Image - White House
The internet was recently left bemused upon Vanity Fair’s bombshell profile piece on the Trump Administration, particularly its photography. Hyperrealistic close ups diagnosing every disconcerted stare, high contrast intensifying of blotchy skin texture and pursed lips in an untarnished look at some of the most powerful people in the United States. Upon release, photojournalist Christopher Anderson incited both backlash and praise for its provocative nature. The visual language on display and its subsequent reception are emblematic of the role of artistic expression in shaping media criticism in a time of cultural instability and increasing threats to democracy.
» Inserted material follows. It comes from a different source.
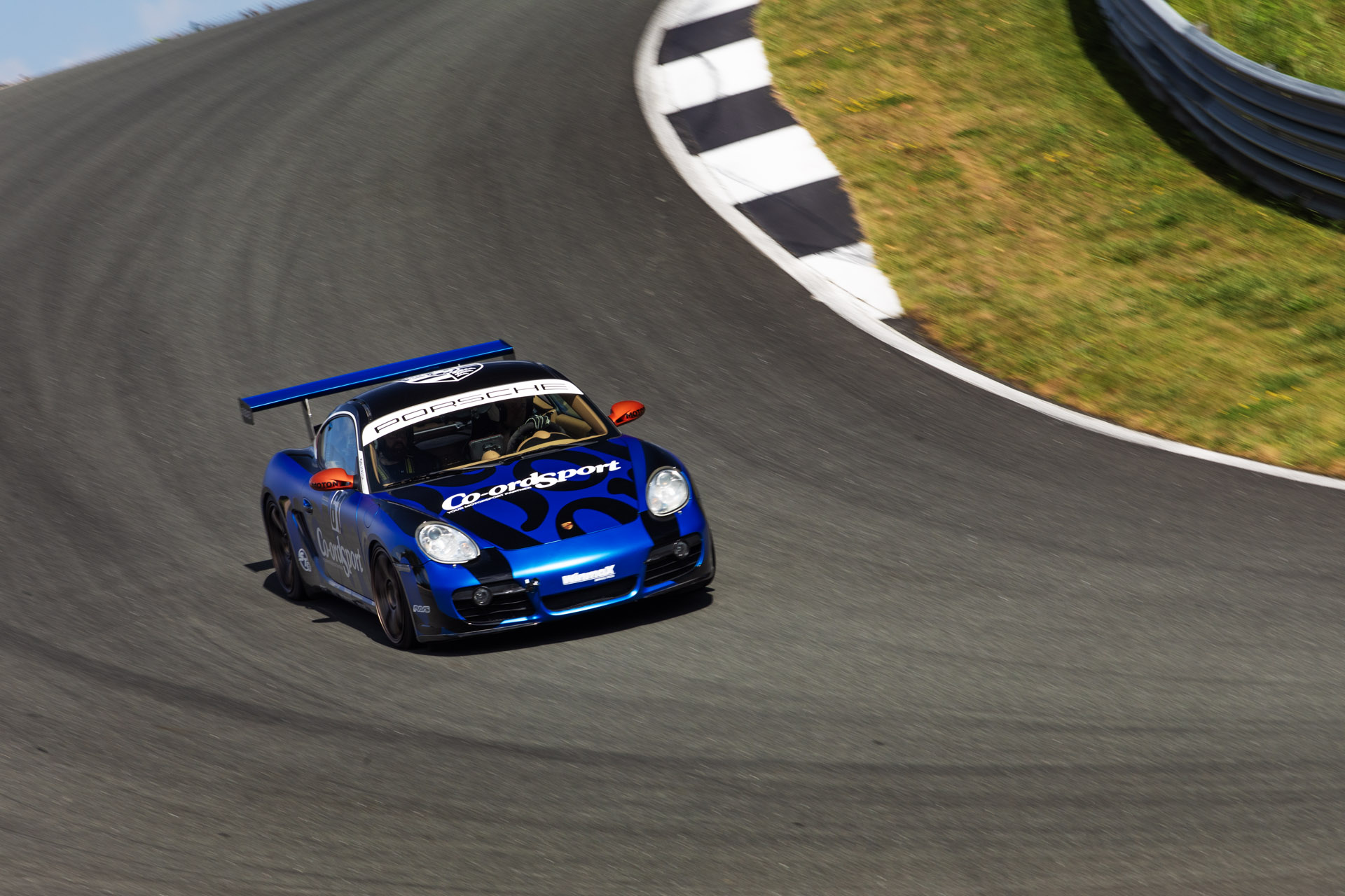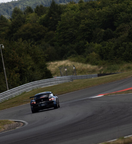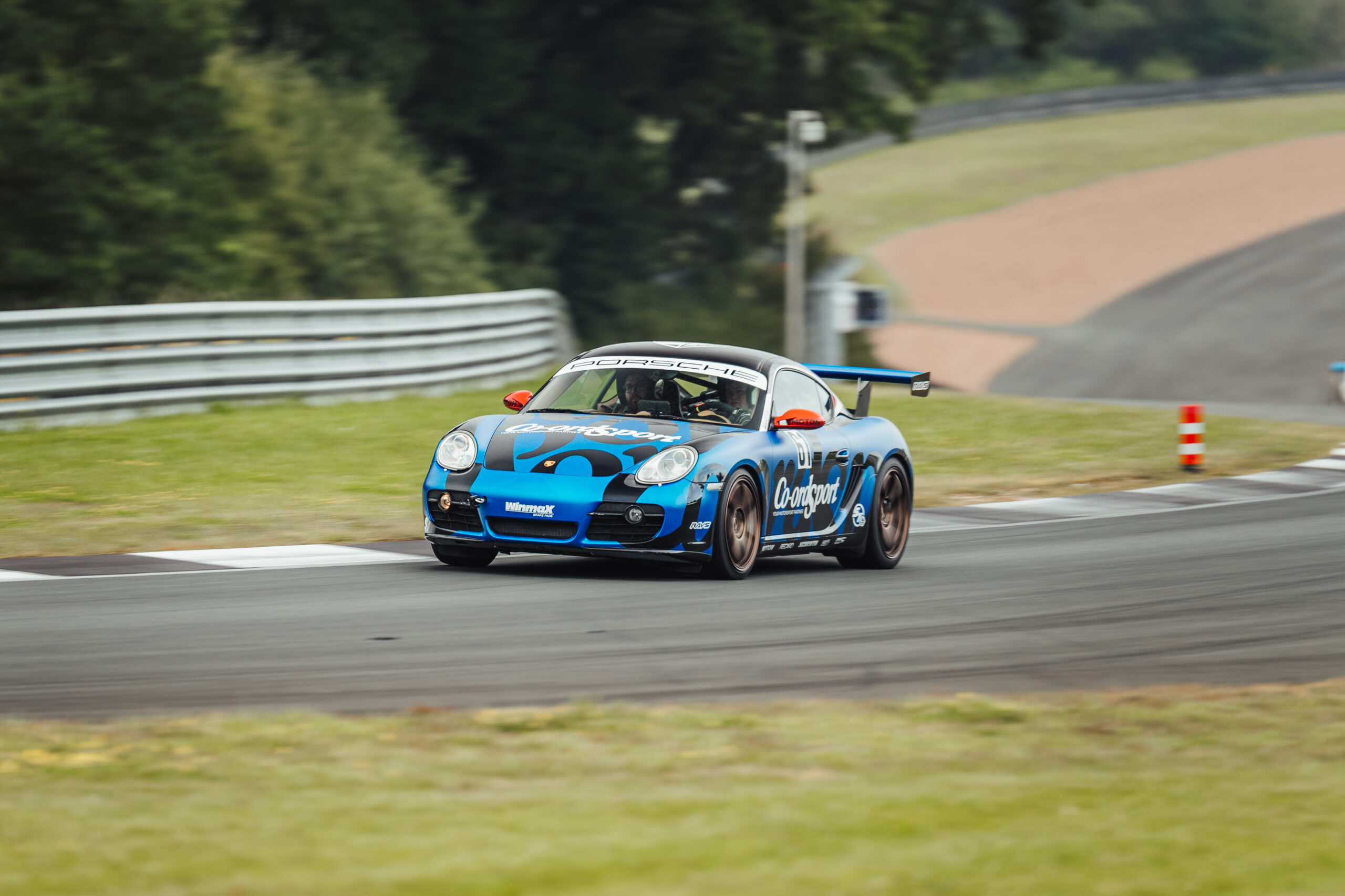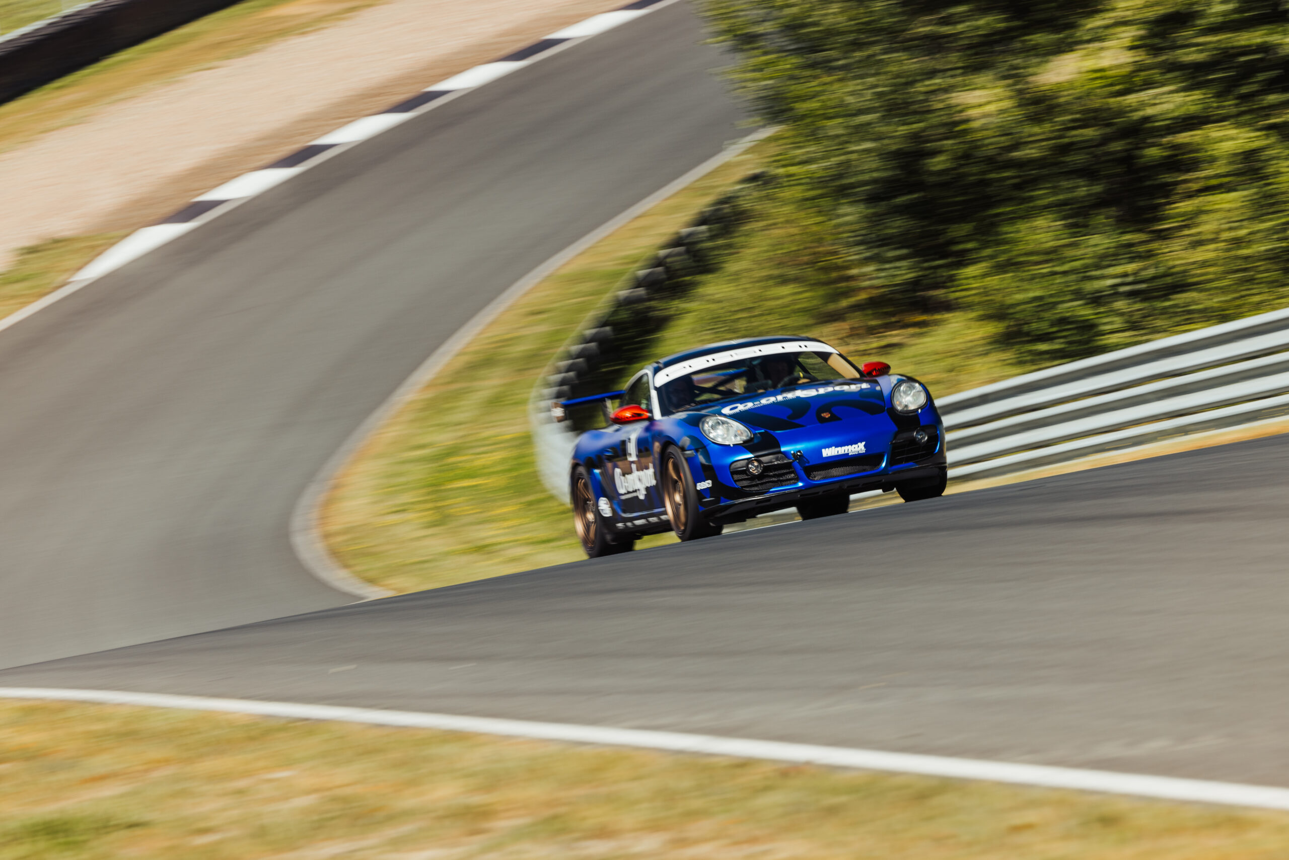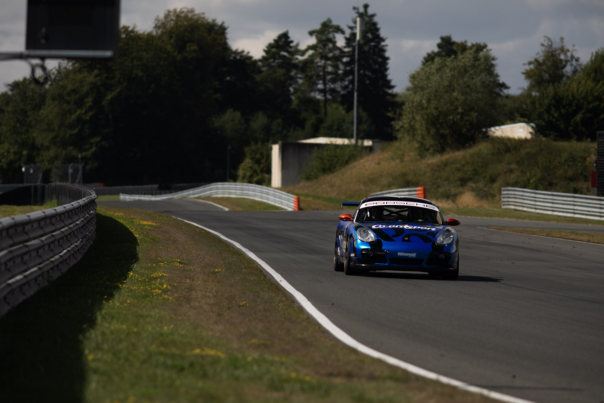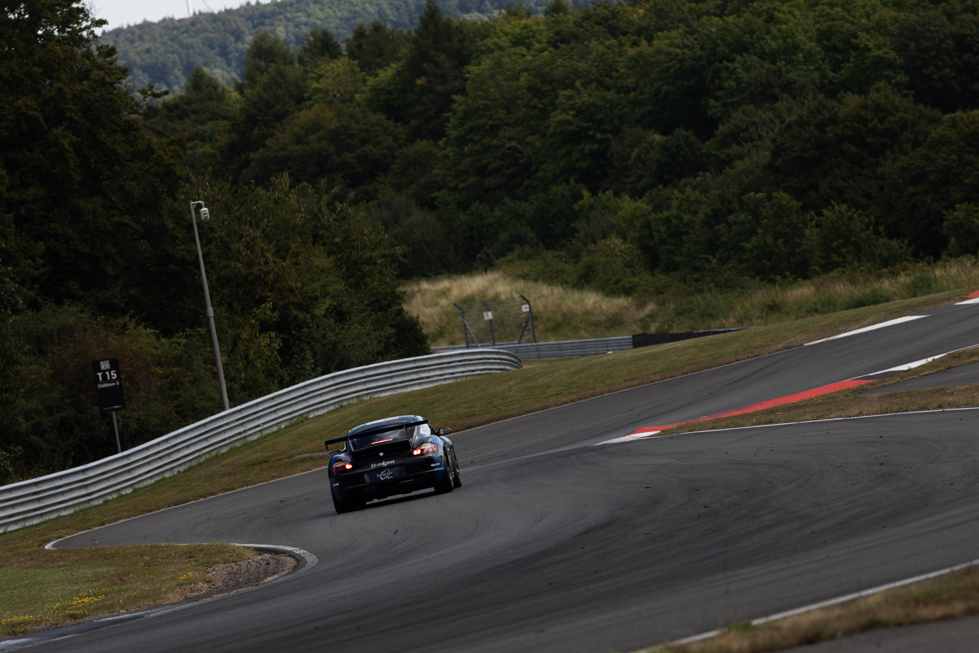 Buiten onze groeiende circuit ervaring en baankennis van verschillende Europese circuits was de Cayman S natuurlijk de ster van de dag. Al vanaf de eerste meters op Bilster Berg merkten we hoe goed de auto in zijn element was. De Winmax-remblokken gaven keer op keer het vertrouwen dat je nodig hebt bij hard aanremmen voor de bochten, terwijl de Heigo-rolkooi de hele auto een solide, stijve basis gaf én ons dat extra gevoel van veiligheid bood.

Anderson told the Independent, ‘I like the idea of penetrating the theatre of politics’, referring to his work as ‘X-ray icons’ where he focuses on the intimacy of his subject’s faces beyond form posture.
The face as the focal point emphasises the individual and strips them from being subject to their surroundings. When an environment of discourse and civic agency erodes to the will of the individual political actor amongst increasing polarisation, what then is worth capturing rather than that actor themselves? Take, for example, the close up of Susie Wiles’ wide eyed stare. During the Vanity Fair interview, Wiles refers to Trump as ‘having an alcoholic’s personality’, drawing on her experience growing up with an alcoholic father, she remarks further that she is therefore an ‘expert in big personalities’. Her intense gaze reflects this job, the chaos of facilitating the zero sum whims of the President.
Wiles considers her contemporaries as ‘disrupters’, positioning herself as the pivot that keeps the chaos turning. The other photo of her, a full body portrait, suggests otherwise. Taken at a distance, she is composed at the centre of the frame, however she is not the focal point of the image. She blends into the backdrop rather than standing in the foreground, while a doorway takes up a significant section of the frame’s depth. Anderson perhaps contends that Wiles is not the centre piece of the Trump administration, rather a caretaker to the doorways of power that Trump walks through. Her role as chief of staff requires her to both facilitate and reign in the President, however this portrait of Wiles suggests that no band of disrupters can truly reign in the chief disrupter himself.
There are two notable photos of Marco Rubio, Secretary of State and National Security Adviser. The first poises Rubio from behind, captured from a distance, looking out the White House Windows with his hands entrenched in his pockets. Windows as an artistic trope are often employed as a means of adding light and texture to an image or, conversely, to highlight the lack of light coming into a room. Rubio’s photograph is evocative of the latter. Anderson captures the private realm Rubio inhabits as dominating the image and dampening the incoming light from the public sphere. Placed within the context of the Trump administration’s extensive dismantling of USAID, the photograph is evocative of the ‘America First’ rhetoric of the administration urging the shift away from previously established US bureaucratic commitments toward self interest.
The second photo of Rubio is particularly absurd. He is pictured side facing, bowing to a table lamp. A lamp, one must note, is an artificial light, subverting light as a tool for enlightenment. The visual language of using a lamp in this context serves to criticise Trumpism as an artificially curated form of populism that appeals to MAGA followers as a beacon of light for the everyman’s fight against the ‘deep state’. Under Trump, however, corporate tax has been cut from 35% to 21% and the wealthy see disproportionate tax cuts comparatively to the lower middle classes.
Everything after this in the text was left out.